- EXERCISE DETAILS -
What is needed is an exact repetition of the lines from the first one in the data through the line with "CORNFLAKE(ONE)ノースリーブレースブラウス*花ボタン*透け感*白", with no pictures.
GIVEN MATERIAL: Begin
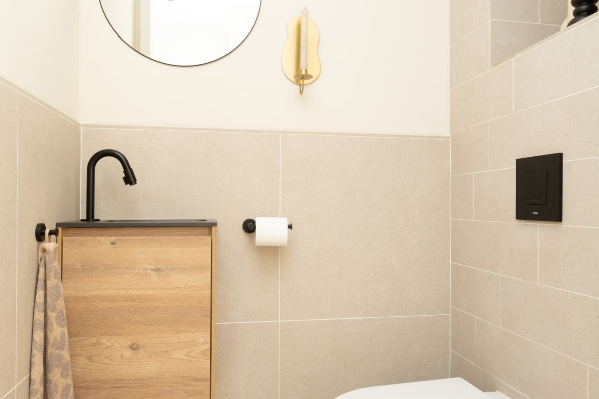 Hal met meterkast en waterontharder; luxe toiletruimte met hangend closet en fonteintje;
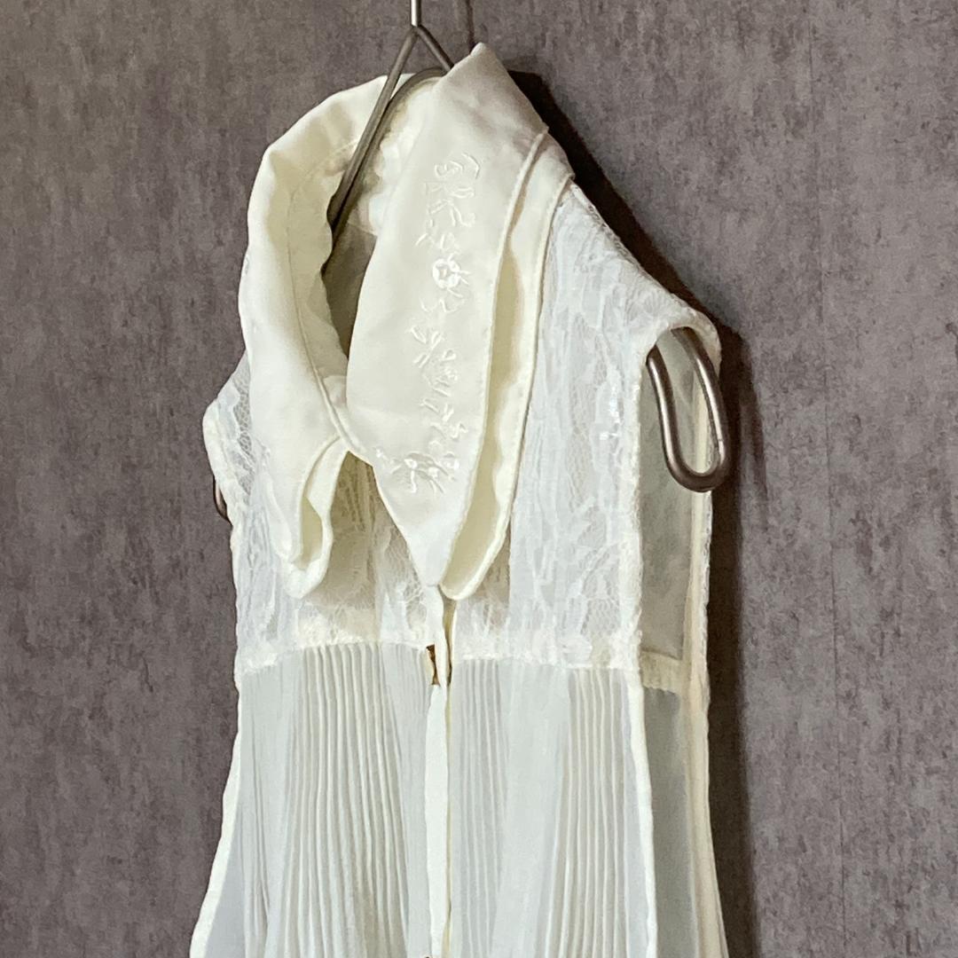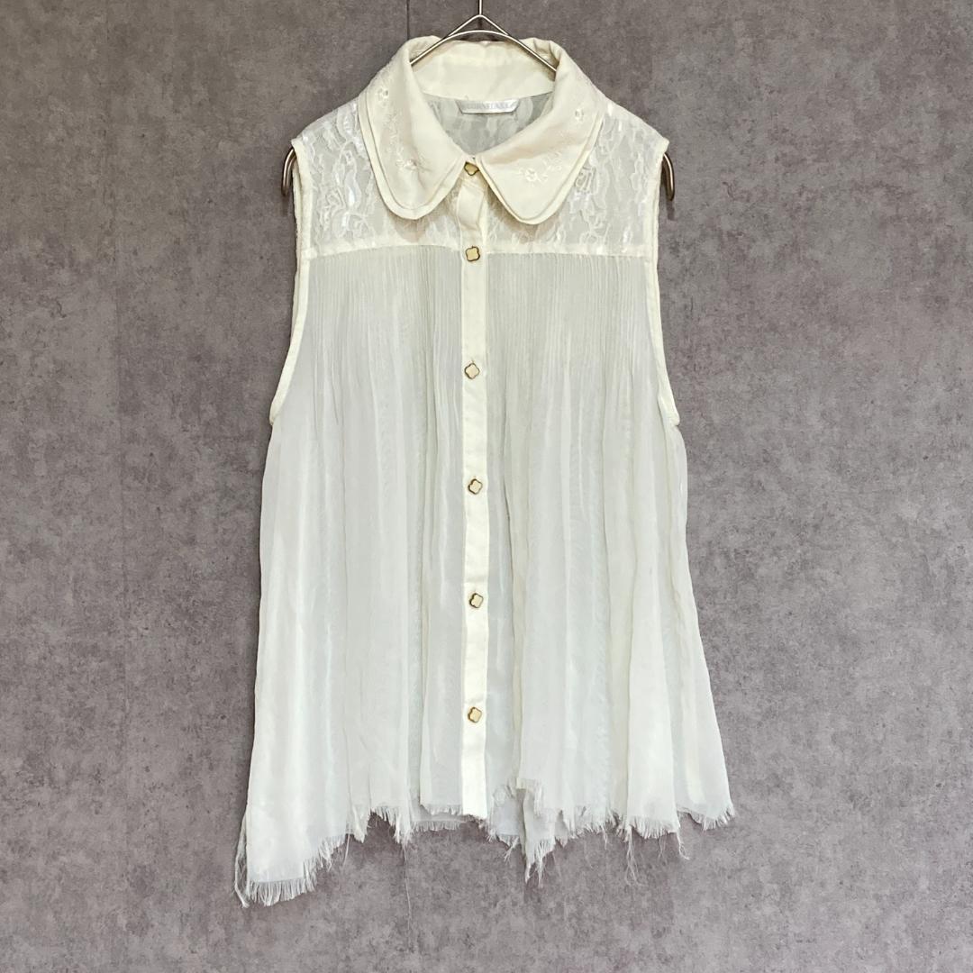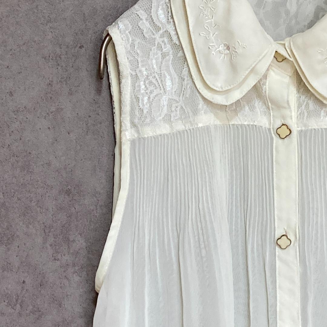 CORNFLAKE(ONE)ノースリーブレースブラウス*花ボタン*透け感*白
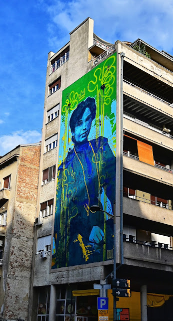 A huge mural of Serbia's QUEEN NATALIE, wife of Milan I Obrenovic of Serbia, who ruled from 1882 to 1889. Queen Natalie was a celebrated beauty in her youth and was later regarded as one of those most beautiful queens in Europe.
GIVEN MATERIAL: End
- TASK RESULT -
 Hal met meterkast en waterontharder; luxe toiletruimte met hangend closet en fonteintje;
 CORNFLAKE(ONE)ノースリーブレースブラウス*花ボタン*透け感*白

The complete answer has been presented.